A mãe riu muito e lhe explicou que o cumprimento a todos é só em localidades pequenas e que nas cidades maiores só se cumprimentam os conhecidos.
Era essa a primeira vez que Eliana saía de casa para morar fora. Esse período de adaptação foi-lhe muito dolorido: saudades de casa, saudade de toda família que tão longe ficou, pouca liberdade na casa em que morava lá em Mafra, distância até a escola e muita dificuldade de entrosamento. Eliana era muito matuta em relação às demais meninas: o Colégio Santa Inês era, na época, exclusivamente feminino. Era uma escola para grã-finos, uma escola para elites e lá entre essa gente estava Eliana, a matutinha. Lá ela foi parar a conselho de família nobre de Craveiro, os Herbest, cujas filhas lá já estudavam.
Apesar de todas as dificuldades de adaptação Eliana conseguiu acompanhar bem todos os estudos. No final de ano ela passou em todas as disciplinas e só ficou em exame em Língua Portuguesa, por apenas dois décimos de pontos.
Nesta escola o rigor era grande. Uniforme diário de gola. Material diversificado e de qualidade. Muito luxo. Tudo eram regras, regras e mais regras. Verdadeira disciplina de exército. Para entrar na sala de aula havia necessidade de trocar de sapatos. Aprendia-se, mas só na base da cobrança, de muita exigência e bem pouca motivação. Na época mais se memorizava do que propriamente se aprendia. Professoras, a maioria, só freiras. Somente nas últimas séries havia algumas professoras civis. Eliana lembra-se de várias delas com carinho.
Na escola não havia cantina, mas diariamente vinha uma senhora que na hora do recreio vendia guloseimas diversas, que eram disputadas pelas meninas de famílias abastadas, enquanto Eliana encostada numa mureta, bem reservada, saboreava o pão caseiro com banana e doce de pêra. Ela não se lembra de nem um dia em que tenha comprado lanche. A vontade existia, mas a carência não o permitia.

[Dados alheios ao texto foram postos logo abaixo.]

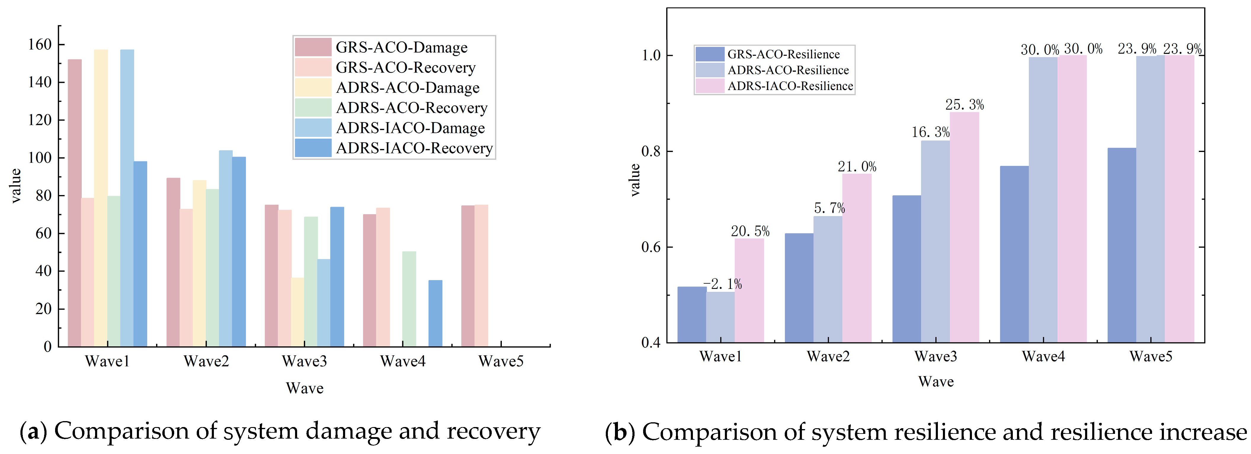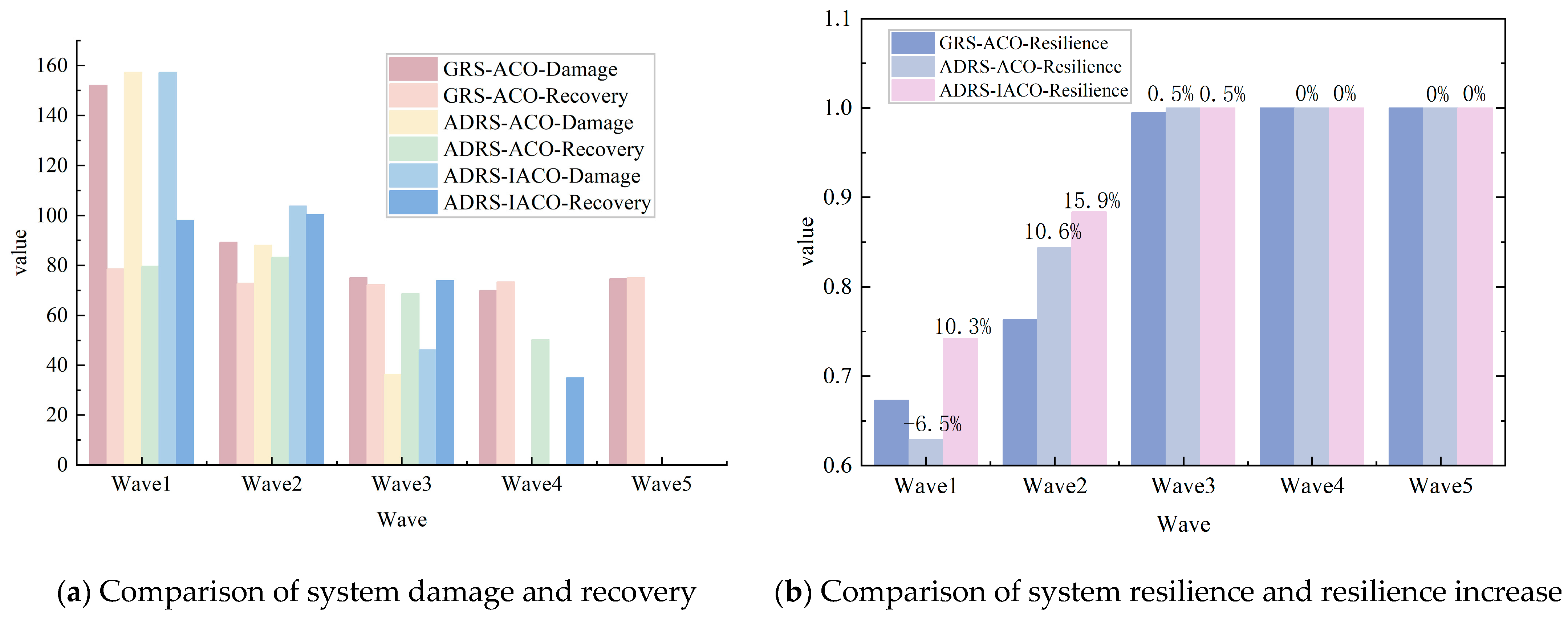 Compared to the GRS-ACO, the two strategies based on ADRS demonstrated superior recovery capabilities and accelerated system repair processes in the first two waves. In the first wave, the system damage values for all three algorithms were 107.8. However, ADRS-IACO exhibited the highest recovery value (80.0), significantly outperforming ADRS-ACO (67.8) and GRS-ACO (72.6). In the second wave, the system damage values for the two ADRS groups (54.0 and 54.8, respectively) were notably lower than that of the GRS-ACO group (76.2). After the third wave, all three algorithms achieved zero system damage, effectively fulfilling the defense mission.
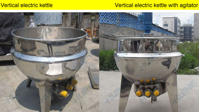Vertical electric heating jacketed kettle is mainly composed of pot and arm-brace,and the pot is the double layer structure formed by inside and outside spherical pot, middle layer can add heat conduction oil or water to heat.

Pagava-se mensalidade. O material escolar era todo ele comprado. Uniforme escolar era obrigatório, mas os alunos não o recebiam. Merenda escolar não existia. E hoje...?!
Com o passar dos anos, conseguiu, finalmente, se entrosar e participar de um pequeno grupo de meninas mais humildes que a maioria. A solidão já não era tanta. Foi nesta época que, por determinação da direção da escola, cada aluna devia levar para a escola uma lata de cera Poliflor para lustrar o piso. Papai e mamãe honravam com todos os compromissos, mas nunca deixavam recursos extras - e assim Eliana não tinha como comprar a tal lata de cera que seria o passaporte para a sala de aula num determinado dia. Resultado: sem a cera, ela foi impedida de entrar na sala. Foi a única que passou por esta humilhação. Resultado, perdeu a prova e, como castigo, teve de pagar com um maçante trabalho extra-escolar.
Mas se pode dizer que lá Eliana não aprendeu. Foi com muita dificuldade e com pouca psicologia, mas aprendeu bem. Não reprovou nenhuma vez e assim em 1971 ela concluiu a oitava série.